On May 19, Lev-tov went to the Israeli Embassy, there telling an official that he had been asked to shoot out the windows of two apartments belonging to Soviet officials. He was advised to contact "the authorities." However, before Lev-tov could make such contact he was approached at his office by two FBI agents who had been alerted to the situation by an attache at the Israeli Embassy. Lev-tov made a detailed statement to the agents concerning his association with Dr. Perl, and it was agreed that Lev-tov would continue with the plan. He was instructed to wear a body recorder at his next meeting with Dr. Perl, which was to take place on May 22. The recording was later introduced as evidence against Dr. Perl at trial. On May 23, the planned shooting was carried out with a weapon and blanks provided by the FBI.

On June 29, 1976, Dr. Perl was indicted for his role in the incident. Trial was held in November, 1976. Dr. Perl was convicted on three of the four counts on which he was charged, and this appeal followed.

II.

Dr. Perl freely admits that he participated in the plan to shoot out the windows of the Soviet officials and that he provided Lev-tov a weapon for this purpose. At trial, his only defense was that he was entrapped by Lev-tov and that, therefore, no criminal liability should attach. In keeping with this theory of the case, the defense proposed three alternative entrapment instructions to the district court. The trial court rejected all three, instructing the jury flatly that "entrapment is not a defense in this case."

On appeal, defendant makes two separate arguments with respect to the entrapment defense. First, he contends that government involvement in the scheme to entrap should not be treated as a necessary element in the federal defense of entrapment and urges us to adopt this as the law of this circuit. Second, defendant argues that even if some government involvement is required, there exists sufficient evidence of such involvement in the instant case to entitle him to jury consideration of the defense. We do not agree with either contention.
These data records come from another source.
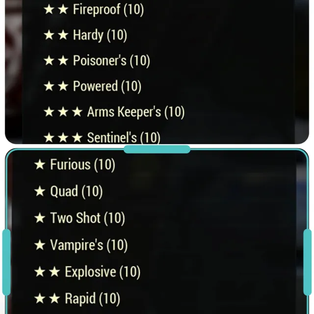 10 Anti armor, 10 Bloodied, 10 Furious, 10 Quad, 10 Two shot, 10 Vampires, 10 Explosive, 10 Rapid, 10 VATS Enhanced, 10 Vital, 10 Swift, 10 VATS Optimized, 10 Polished.
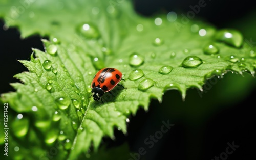Fototapeta premium The Intricate World, Ladybug on a Leaf Up Close
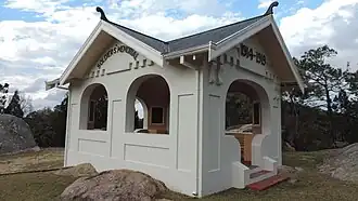 From Lock Street, the rest house is approached by several sets of concrete stairs on a path leading up the hill from the road. The rest house is set amongst exposed granite boulders on a flat site at the summit of the hill. There is a flagpole to the south and retaining walls and stairs to the south and west. Set on an east–west axis with views through arched openings including to the west, a panorama of Stanthorpe and the surrounding district, the rest house is a white painted concrete pavilion with a painted corrugated roof gabled in four directions. On the east and west gables in concrete raised lettering is the inscription "SOLDIERS' MEMORIAL"; on the north and south gables "1914–19".[3]

The cases are legion which either hold directly or state as dictum that "(e) ntrapment cannot result from the inducements of a private citizen but must be the product of conduct by governmental agents." United States v. Garcia, 546 F.2d 613, 615 (5 Cir.), Cert. denied, 430 U.S. 958, 97 S.Ct. 1608, 51 L.Ed.2d 810 (1977). 1 On numerous occasions this court, without ever directly so holding, has clearly expressed its view that federal law does not recognize the defense of private entrapment. United States v. Tharpe, 443 F.2d 12, 13 (4 Cir.), Cert. denied, 404 U.S. 866, 92 S.Ct. 80, 30 L.Ed.2d 110 (1971); United States v. DeVore, 423 F.2d 1069, 1071 (4 Cir. 1970), Cert. denied, 402 U.S. 950, 91 S.Ct. 1604, 29 L.Ed.2d 119 (1971); United States v. Comi, 336 F.2d 856, 860 (4 Cir. 1964), Cert. denied, 379 U.S. 992, 85 S.Ct. 704, 13 L.Ed.2d 611 (1965); United States v. Sizer, 292 F.2d 596, 599 (4 Cir. 1961); Crisp v. United States, 262 F.2d 68, 69 (4 Cir. 1958).
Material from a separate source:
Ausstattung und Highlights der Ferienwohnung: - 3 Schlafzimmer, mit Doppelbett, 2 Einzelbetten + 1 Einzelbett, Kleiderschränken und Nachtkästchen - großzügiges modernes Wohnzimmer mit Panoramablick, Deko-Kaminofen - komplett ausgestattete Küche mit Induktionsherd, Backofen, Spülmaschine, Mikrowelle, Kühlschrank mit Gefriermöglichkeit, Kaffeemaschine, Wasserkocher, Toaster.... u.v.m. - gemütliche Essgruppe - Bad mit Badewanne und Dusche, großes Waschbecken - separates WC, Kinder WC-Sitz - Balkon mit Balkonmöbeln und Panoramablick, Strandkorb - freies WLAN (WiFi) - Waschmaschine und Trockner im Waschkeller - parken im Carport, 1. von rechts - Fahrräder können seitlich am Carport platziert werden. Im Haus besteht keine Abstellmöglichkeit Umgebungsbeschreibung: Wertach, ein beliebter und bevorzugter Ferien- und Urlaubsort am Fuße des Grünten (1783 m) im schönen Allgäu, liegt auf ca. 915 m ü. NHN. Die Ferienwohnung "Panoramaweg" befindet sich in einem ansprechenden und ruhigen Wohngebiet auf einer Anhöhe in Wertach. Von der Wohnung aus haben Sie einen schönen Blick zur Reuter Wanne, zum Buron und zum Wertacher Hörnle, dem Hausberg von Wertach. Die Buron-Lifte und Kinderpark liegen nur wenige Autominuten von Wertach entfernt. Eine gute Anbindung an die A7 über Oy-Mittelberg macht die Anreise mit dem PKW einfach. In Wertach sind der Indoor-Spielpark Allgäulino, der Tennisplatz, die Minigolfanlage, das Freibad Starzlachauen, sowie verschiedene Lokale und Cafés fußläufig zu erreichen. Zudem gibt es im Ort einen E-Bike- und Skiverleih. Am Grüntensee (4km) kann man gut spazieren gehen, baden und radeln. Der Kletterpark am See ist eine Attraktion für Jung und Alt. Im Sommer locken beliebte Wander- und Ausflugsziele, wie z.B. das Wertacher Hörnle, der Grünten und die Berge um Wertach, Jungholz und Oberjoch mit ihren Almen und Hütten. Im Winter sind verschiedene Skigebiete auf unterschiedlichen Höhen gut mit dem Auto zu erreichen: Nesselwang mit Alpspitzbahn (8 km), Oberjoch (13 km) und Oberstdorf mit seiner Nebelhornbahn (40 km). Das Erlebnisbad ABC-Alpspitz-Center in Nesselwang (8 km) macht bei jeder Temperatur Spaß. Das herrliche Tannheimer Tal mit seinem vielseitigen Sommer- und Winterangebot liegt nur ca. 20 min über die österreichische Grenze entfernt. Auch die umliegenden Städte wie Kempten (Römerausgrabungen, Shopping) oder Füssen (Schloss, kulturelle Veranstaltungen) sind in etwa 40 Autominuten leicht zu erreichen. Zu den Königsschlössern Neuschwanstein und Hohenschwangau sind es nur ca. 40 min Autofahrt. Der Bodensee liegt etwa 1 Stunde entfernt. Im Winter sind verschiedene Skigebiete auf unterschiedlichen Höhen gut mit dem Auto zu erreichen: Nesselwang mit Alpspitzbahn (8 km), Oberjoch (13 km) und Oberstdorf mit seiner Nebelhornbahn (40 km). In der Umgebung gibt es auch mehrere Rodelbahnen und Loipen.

Despite this vast array of precedent, defendant urges us to recognize a private-entrapment defense. Under defendant's theory, no showing of government involvement in the scheme to entrap need be made if there otherwise exists evidence that defendant was "induced to commit a crime he had no predisposition to commit solely and exclusively in order to have him handed over to the authorities." Defendant's Proposed Instruction No. 23. While we recognize that at least two states have adopted the defense of private entrapment, 2 we believe that federal courts must require some showing of government involvement in the alleged scheme to entrap before the defense is recognized.

Entrapment, as it exists in federal law, is a statutory defense. "It is rooted . . . in the notion that Congress could not have intended criminal punishment for a defendant who has committed all the elements of a proscribed offense but was induced to commit them By the Government." United States v. Russell, 411 U.S. 423, 435, 93 S.Ct. 1637, 1644, 36 L.Ed.2d 366 (1973) (emphasis added). This view of legislative intent has remained firm since the Supreme Court first recognized entrapment as a federal defense in Sorrells v. United States, 287 U.S. 435, 53 S.Ct. 210, 77 L.Ed. 413 (1932). There, Chief Justice Hughes wrote:

We are unable to conclude that it was the intention of the Congress in enacting (a criminal) statute that its processes of detection and enforcement should be abused by the instigation By government officials of an act on the part of persons otherwise innocent in order to lure them to its commission and to punish them.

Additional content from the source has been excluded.